Not for a moment could I now behold
A smiling sea and be what I have been:
The feeling of my loss will ne'er be old;
This, which I know, I speak with mind serene.


Then, Beaumont, Friend! who would have been the Friend,
If he had lived, of Him whom I deplore,
This Work of thine I blame not, but commend;
This sea in anger, and that dismal shore.


Oh 'tis a passionate Work!—yet wise and well;
Well chosen is the spirit that is here;
That Hulk which labours in the deadly swell,
This rueful sky, this pageantry of fear!


And this huge Castle, standing here sublime,
I love to see the look with which it braves,
Cased in the unfeeling armour of old time,
The lightning, the fierce wind, and trampling waves.

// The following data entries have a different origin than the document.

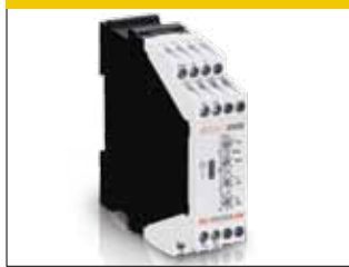
CURRENT, MONITORING & MEASURING RELAYS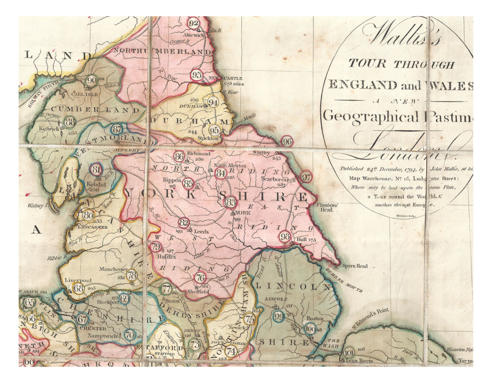
Figure 1 Part of Wallis's Tour through England and Wales, a New Geographical Pastime.

Upon landing on a place, players were often required to miss a turn(s) to view, for example, a cathedral, or a manufacturing process, sometimes also paying counters into a kitty for the privilege of so doing. Players occasionally were sent backwards; often because they had landed on a place associated with a vice, for example, Newmarket and gambling on horse races.<sup>30</sup>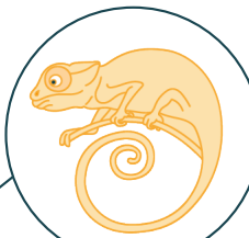
THE CHAMELEON OF GYNECOLOGY.

Endometriosis can strongly differ from case to case. That is why it is also called the chameleon of gynecology.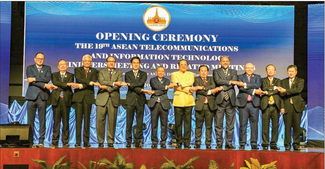
Union Minister U Thant Sin Maung and other ASEAN ministers pose for a group photo at the 19 th ASEAN Telecommunications and Information Technology Ministers Meeting and Related Meetings in Vientiane.

THE fourth anniversary of the Nationwide Ceasefire Agreement (NCA) is to be held at the Myanmar International Convention Center II in Nay Pyi Taw on 28 October 2019. The anniversary of the NCA will be broadcast live by Myanma Radio and Television (MRTV), National Races Channel (NRC), Myanmar International TV (MITV), Myawaddy (MWD) Television, MNTV, Skynet Up to Date, Channel 9, Myanma Radio, MIR (Radio), President’s Office Facebook Page, Myanmar State Counsellor’s Office Facebook Page, MOI Web Portal Myanmar Facebook Page, MRTV Facebook Page and Myanmar Digital News Facebook, starting from 1:45pm. — MNA ■ (Translated by Kyaw Zin Tun)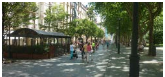
Places close to the station should be car free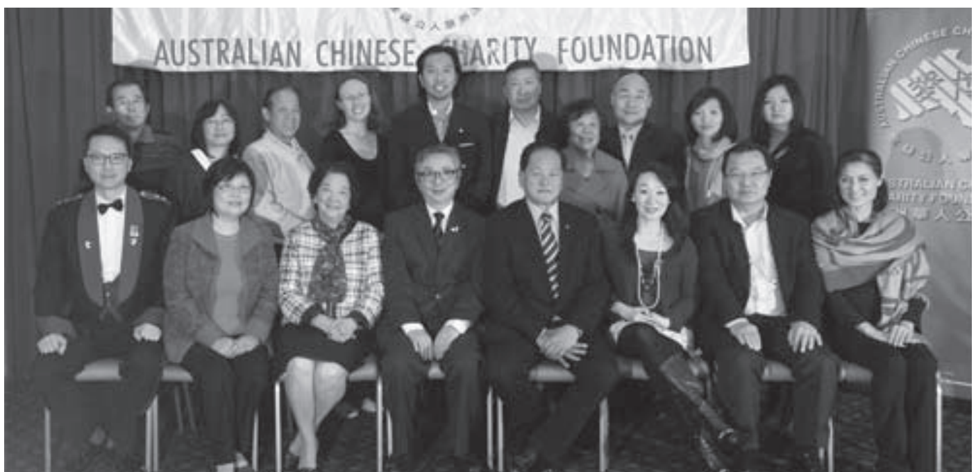
2013-2014 Management Committee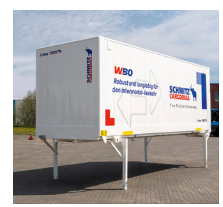
Smooth front and side walls for individual labelling. For freight rail transport, the W.BO interchangeable boxes are equipped with gripping edges.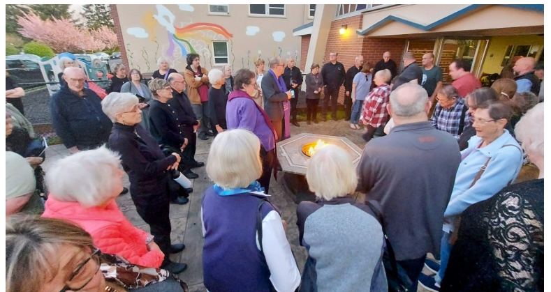
Maundy Thursday Prayer Fire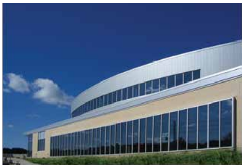
Life Sciences Business Incubation Center- Columbia

Farewell, farewell the Heart that lives alone,
Housed in a dream, at distance from the Kind!
Such happiness, wherever it be known,
Is to be pitied; for 'tis surely blind.


But welcome fortitude, and patient cheer,
And frequent sights of what is to be born!
Such sights, or worse, as are before me here.—
Not without hope we suffer and we mourn.